= Zardoz (computer security) =

Mailing list run by Neil Gorsuch 1989 to 1991

In computer security, the Security-Digest list, better known as the Zardoz list, was a semi-private full disclosure mailing list run by Neil Gorsuch from 1989 through 1991. It identified weaknesses in systems and gave directions on where to find them. It was a perennial target for computer hackers, who sought archives of the list for information on undisclosed software vulnerabilities.

==Membership restrictions==
Access to Zardoz was approved on a case-by-case basis by Gorsuch, principally by reference to the user account used to send subscription requests; requests were approved for root users, valid UUCP owners, or system administrators listed at the NIC.

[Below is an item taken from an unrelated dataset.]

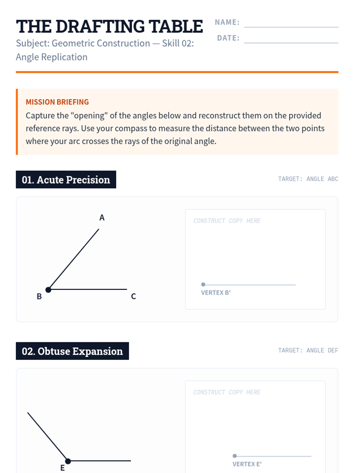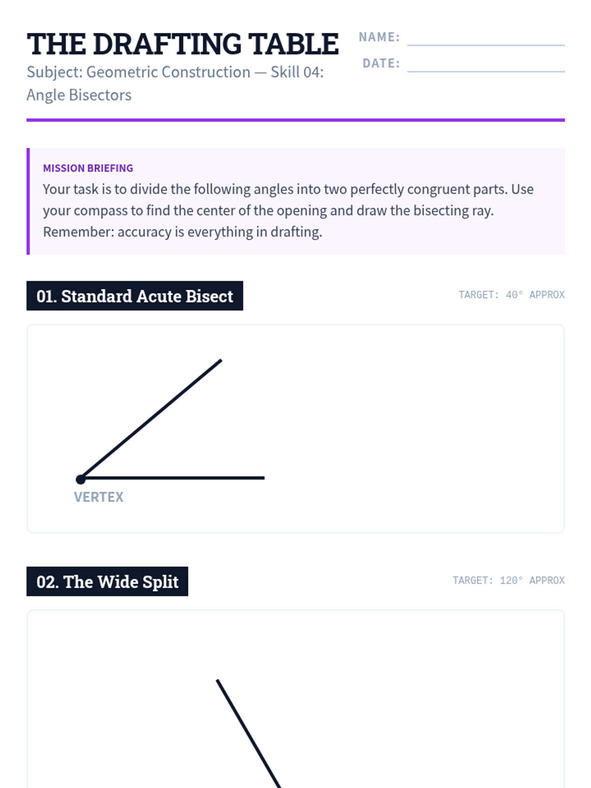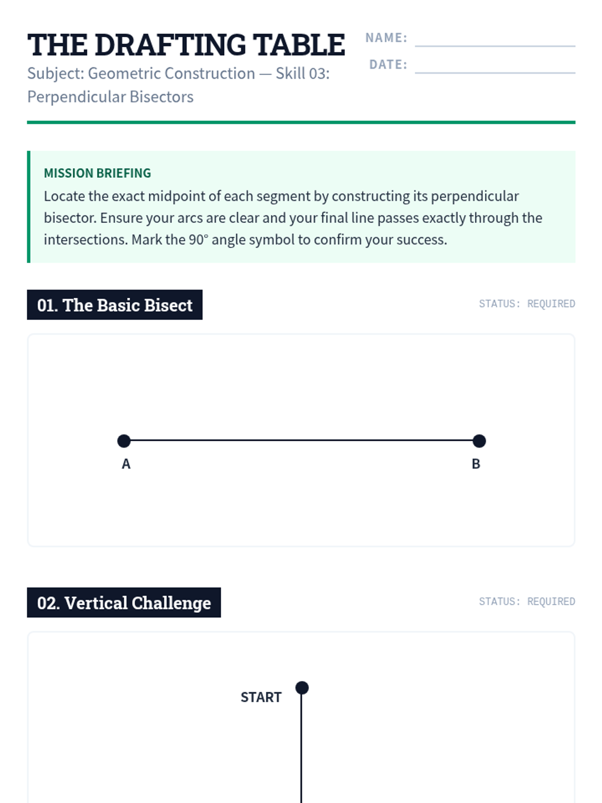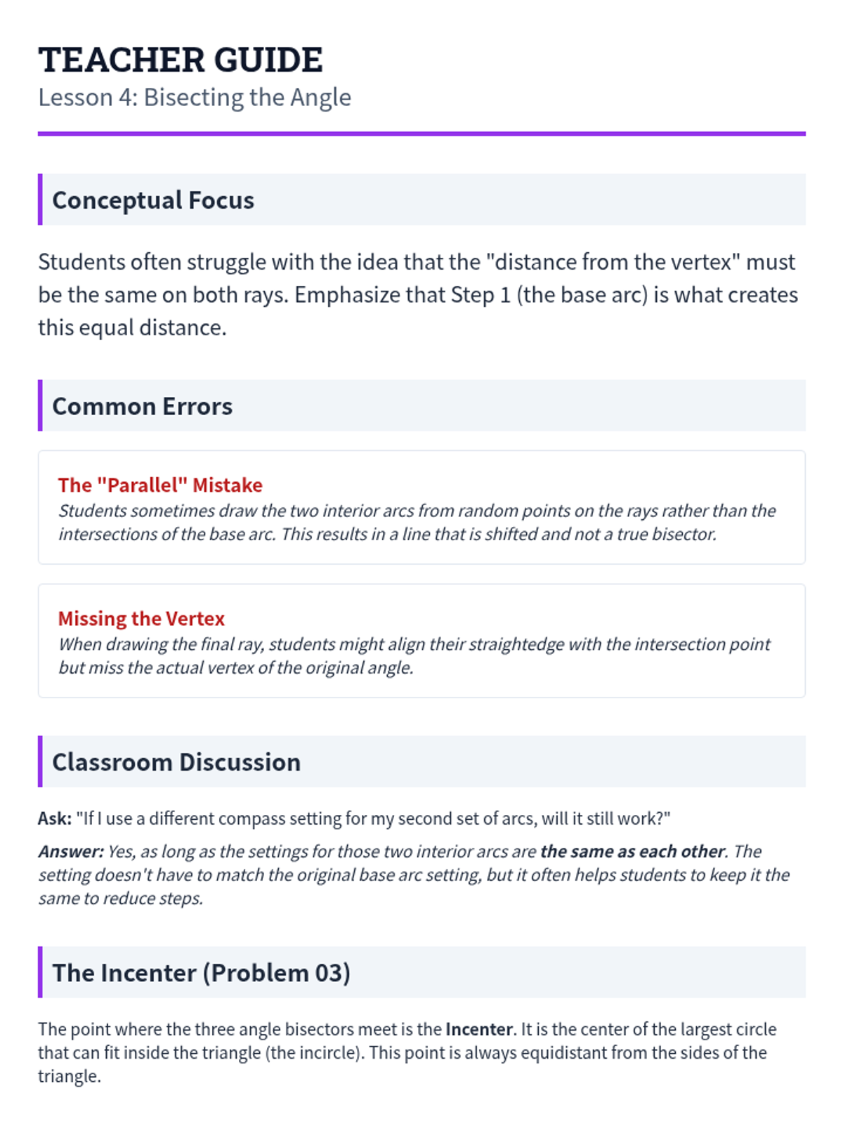 A foundational geometry sequence for 7th-grade students focusing on the art and logic of compass and straightedge constructions. Students master the skills of copying segments and angles, and constructing perpendicular and angle bisectors to solve geometric puzzles.

The openness of the list to users other than Unix system administrators was a regular topic of conversation, with participants expressing concern that vulnerabilities and exploitation details disclosed on the list were liable to spread to hackers. The circulation of Zardoz postings was an open secret among computer hackers, and mocked in a Phrack parody of an IRC channel populated by security experts.

==Notable participants==

- Keith Bostic discussed BSD Sendmail vulnerabilities
- Chip Salzenberg discussed Peter Honeyman's posting of a UUCP worm, and shell script security
- Gene Spafford discussed VMS and Ultrix bugs, and relayed law enforcement enquiries about the Morris Worm
- Tom Christiansen discussed SUID shell scripts
- Chris Torek discussed devising exploits from general descriptions of vulnerabilities
- Henry Spencer discussed Unix security
- Brendan Kehoe discussed systems security
- Alec Muffett announced Crack, the Unix password cracker

The majority of Zardoz participants were Unix systems administrators and C software developers. Neil Gorsuch and Gene Spafford were the most prolific contributors to the list.